• Directions for this task:
For the listing below, output exactly the lines from the line with "Máy tiệt trùng" up to and including the line with "轻奢高档马头书挡创意摆件客厅书柜办公桌面书立仿真书家居装饰品", and no other lines.

• Exercise inputs:
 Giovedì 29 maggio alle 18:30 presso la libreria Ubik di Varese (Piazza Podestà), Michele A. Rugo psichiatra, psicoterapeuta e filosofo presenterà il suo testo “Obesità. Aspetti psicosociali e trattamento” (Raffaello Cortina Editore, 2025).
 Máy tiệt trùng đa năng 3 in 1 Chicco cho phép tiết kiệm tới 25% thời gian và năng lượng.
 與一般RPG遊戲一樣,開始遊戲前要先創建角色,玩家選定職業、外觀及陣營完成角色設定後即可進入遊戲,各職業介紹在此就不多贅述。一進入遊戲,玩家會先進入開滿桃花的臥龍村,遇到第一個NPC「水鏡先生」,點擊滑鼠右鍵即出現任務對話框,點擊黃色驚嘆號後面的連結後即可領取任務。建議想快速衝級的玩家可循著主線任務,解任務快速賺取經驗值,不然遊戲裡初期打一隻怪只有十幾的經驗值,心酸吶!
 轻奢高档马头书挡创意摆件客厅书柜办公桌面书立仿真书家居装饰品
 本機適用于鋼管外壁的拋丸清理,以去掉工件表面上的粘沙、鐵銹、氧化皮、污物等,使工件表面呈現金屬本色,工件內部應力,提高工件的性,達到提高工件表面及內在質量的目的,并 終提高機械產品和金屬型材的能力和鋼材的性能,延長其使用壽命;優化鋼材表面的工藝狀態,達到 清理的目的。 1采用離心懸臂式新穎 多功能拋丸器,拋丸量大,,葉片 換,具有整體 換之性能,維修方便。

...

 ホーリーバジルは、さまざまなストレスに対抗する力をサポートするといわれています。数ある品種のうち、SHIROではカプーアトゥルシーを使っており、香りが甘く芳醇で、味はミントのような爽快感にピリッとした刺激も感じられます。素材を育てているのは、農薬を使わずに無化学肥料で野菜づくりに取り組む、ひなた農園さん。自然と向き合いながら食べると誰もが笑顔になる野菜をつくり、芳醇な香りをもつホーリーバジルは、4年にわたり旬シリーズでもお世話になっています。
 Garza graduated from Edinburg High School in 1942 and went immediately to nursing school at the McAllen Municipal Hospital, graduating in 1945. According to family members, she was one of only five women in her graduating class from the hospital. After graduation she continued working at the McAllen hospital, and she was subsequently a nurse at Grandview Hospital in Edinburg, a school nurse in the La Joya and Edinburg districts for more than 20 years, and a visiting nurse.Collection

• Response:
 Máy tiệt trùng đa năng 3 in 1 Chicco cho phép tiết kiệm tới 25% thời gian và năng lượng.
 與一般RPG遊戲一樣,開始遊戲前要先創建角色,玩家選定職業、外觀及陣營完成角色設定後即可進入遊戲,各職業介紹在此就不多贅述。一進入遊戲,玩家會先進入開滿桃花的臥龍村,遇到第一個NPC「水鏡先生」,點擊滑鼠右鍵即出現任務對話框,點擊黃色驚嘆號後面的連結後即可領取任務。建議想快速衝級的玩家可循著主線任務,解任務快速賺取經驗值,不然遊戲裡初期打一隻怪只有十幾的經驗值,心酸吶!
 轻奢高档马头书挡创意摆件客厅书柜办公桌面书立仿真书家居装饰品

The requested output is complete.